Aaaah, love that word, kvetching. Almost onomatopeic.


----------



## guythegreg (Jun 15, 2012)

MAuer said:


> The business with the statue of the Virgin supposedly took place during the Fall performances. When I saw one of the spring performances with Terfel, it had been (wisely) omitted.


Which goes to show that someone at the Met is listening! In my survey - they send their regular subscribers a survey once a year - they asked about the Opera News controversy, too, so they ARE paying attention.


----------



## guythegreg (Jun 15, 2012)

mamascarlatti said:


> On the other hand J-Flo whirling around in a nun's habit was worth watching.

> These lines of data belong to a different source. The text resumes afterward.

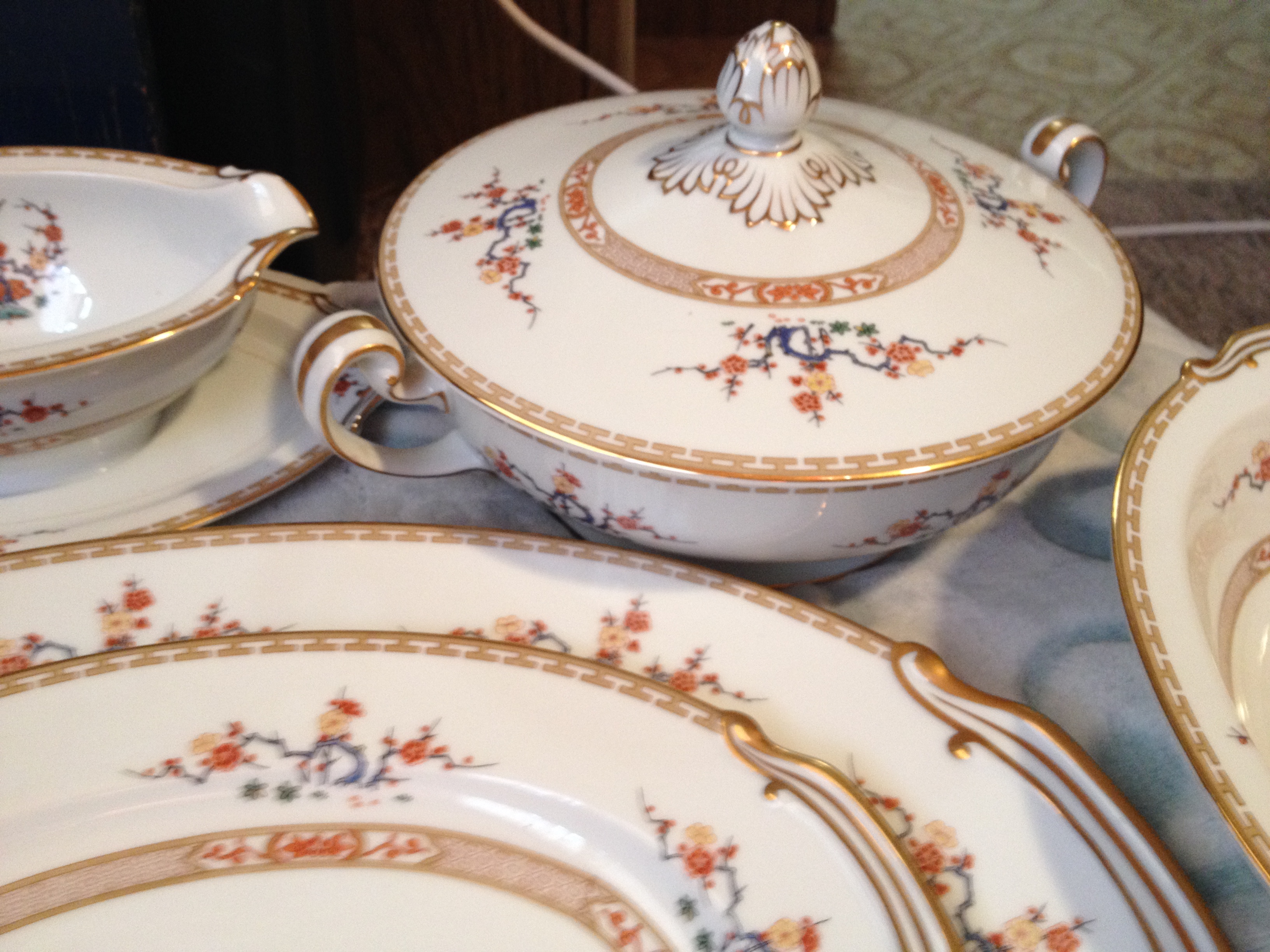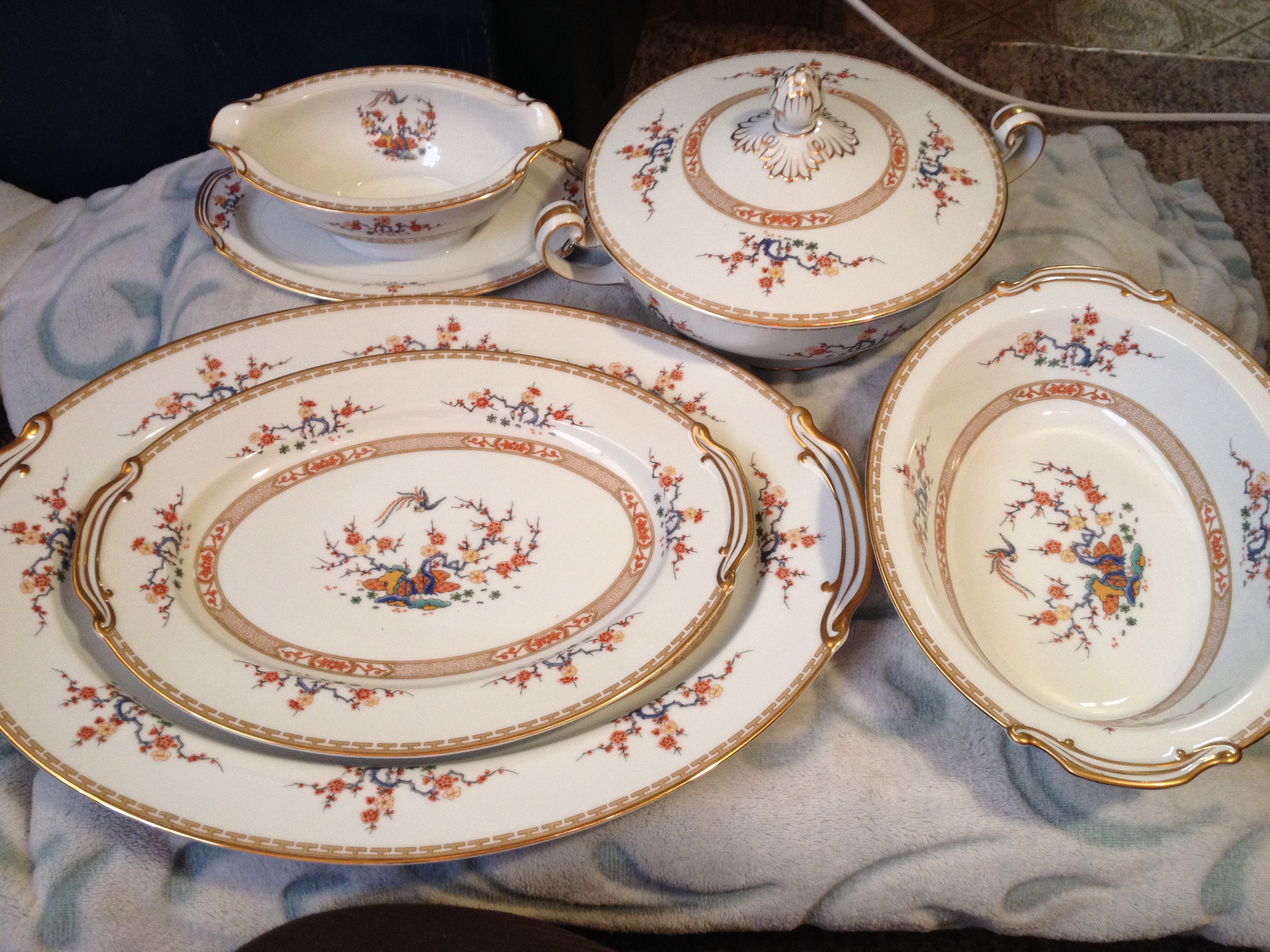 93 pieces, 7 piece place settings, sugar with lid, creamer, vegetable bowl, covered serving bowl, small and large serving platters and gravy boat. 1948 Hawthorne pattern. I know what it is just not what it is worth and how you sell it. It is beautiful, used 78 times and I need to sell it. Perfect condition, not a mark or chip on any piece.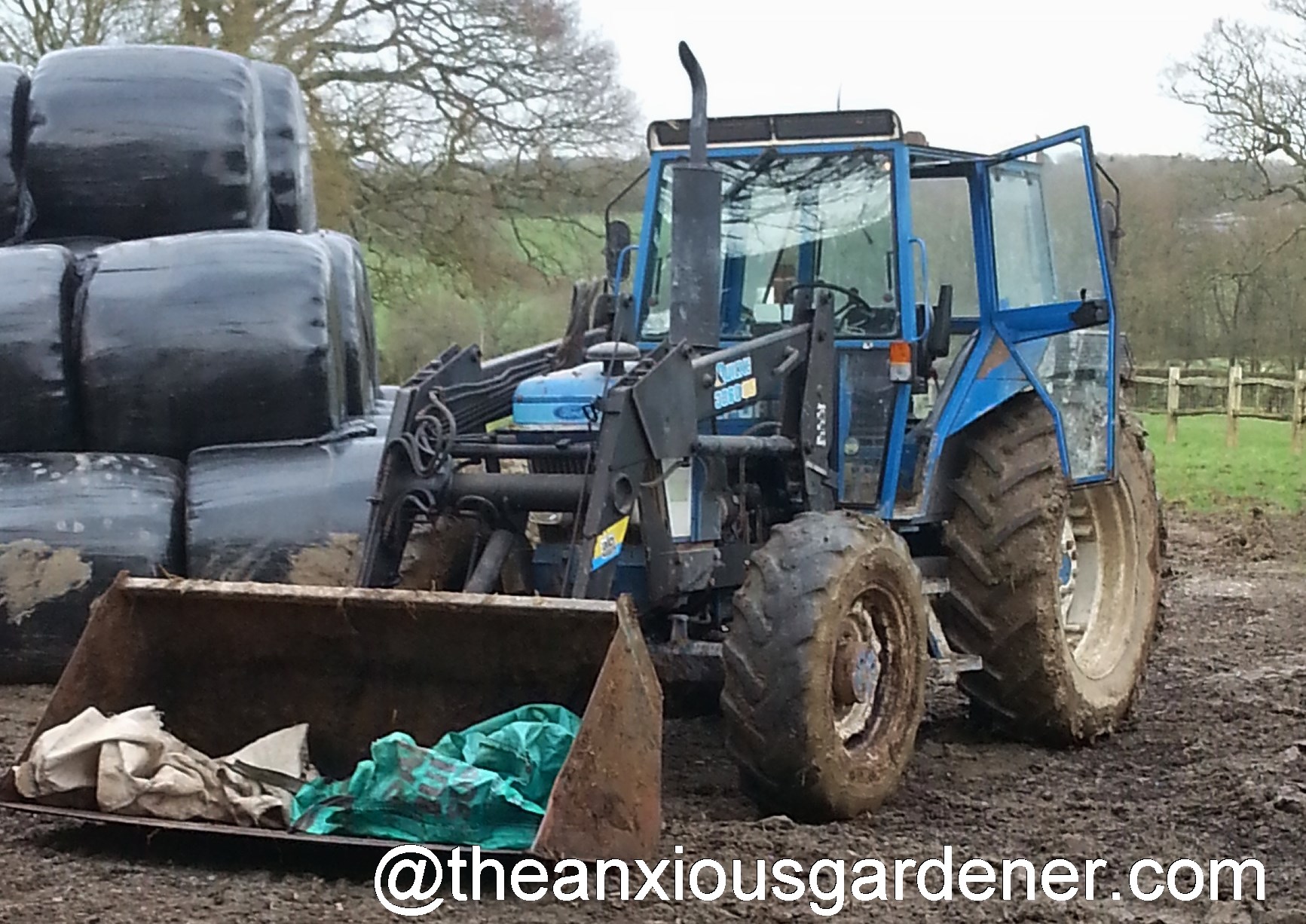The plan was to bring the tractor down from the farm; I would clamber into the bucket with the ewe, clasping her tightly to prevent her jumping out and waddling away to freedom.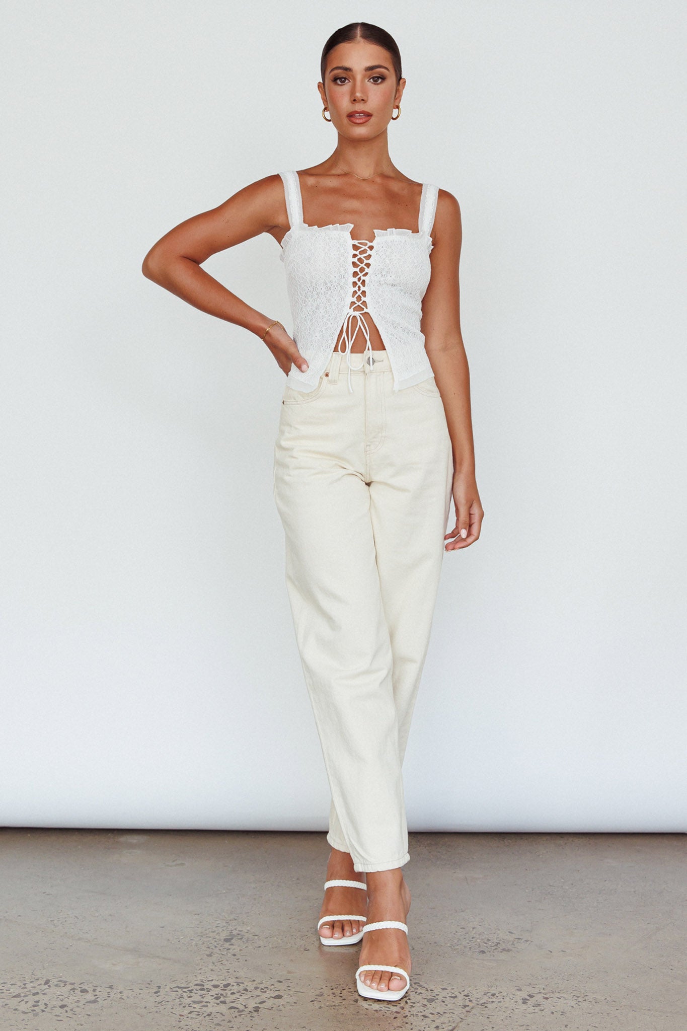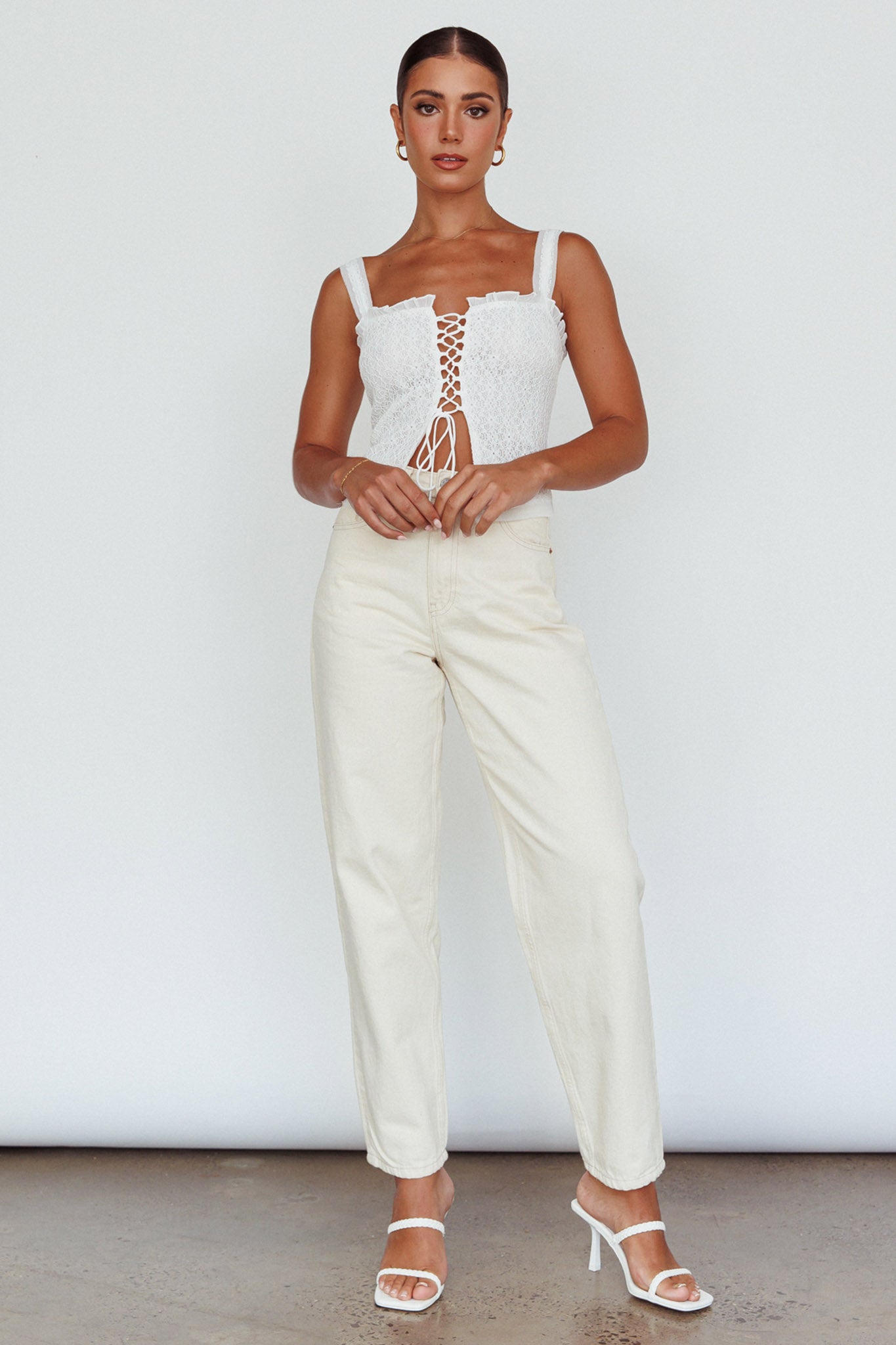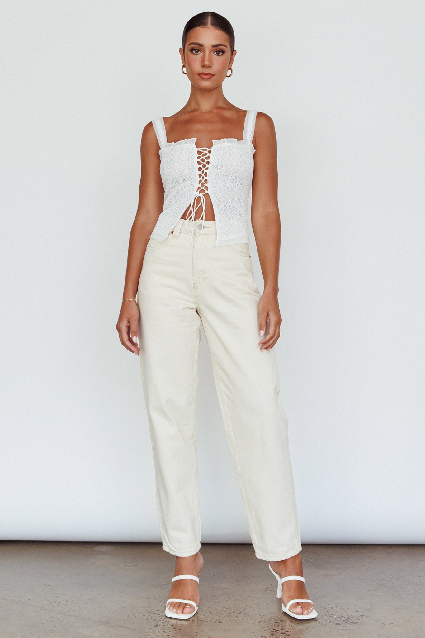 Hey there, cutie! We've fallen head over heels for our adorable Never Miss top. Featuring a lace-up front and frill trim detail. It's perfect for weekend picnic dates with your lover. Team it with shorts and sandals for a cute-casual look.

You know honestly, there was a fair amount of fun stuff in the production, I thought. The shtick with the Countess's scarf, that the phony Hermite uses to reel her in ... the butterflies on sticks ... the dancing nuns ... it wasn't a waste. But the underlying joy in the Glyndebourne production, the underlying philosophy, that basically everyone (not the actors but the characters) is just having a good time and they all know it, that they're all just playing their roles and trying to get as much joy out of it as possible - this seemed to be missing. Marc Laho's wicked grins. Annick Massis' exaggerated, loopy sadness. Jane Shaulis' everything she did. And they SANG so well, too. I don't think even Kathleen Battle ever did the countess' big aria better than Massis did it, and that's going some. I mean, I think they sang as though they were in the studio, and acted as though they were on stage. Well, blah, blah, blah ... lol


----------



## Dakota (Jun 30, 2012)

mamascarlatti said:


> On the other hand J-Flo whirling around in a nun's habit was worth watching.


hahahahahaha J-Flo............ ahahahahahaha I had NOT heard that before, too cute!


----------



## Aksel (Dec 3, 2010)

Dakota said:


> hahahahahaha J-Flo............ ahahahahahaha I had NOT heard that before, too cute!


Not to forget JDiddy.


----------



## mamascarlatti (Sep 23, 2009)

Dakota said:


> hahahahahaha J-Flo............ ahahahahahaha I had NOT heard that before, too cute!


I cannot claim credit for that - Aksel's invention! :tiphat:


----------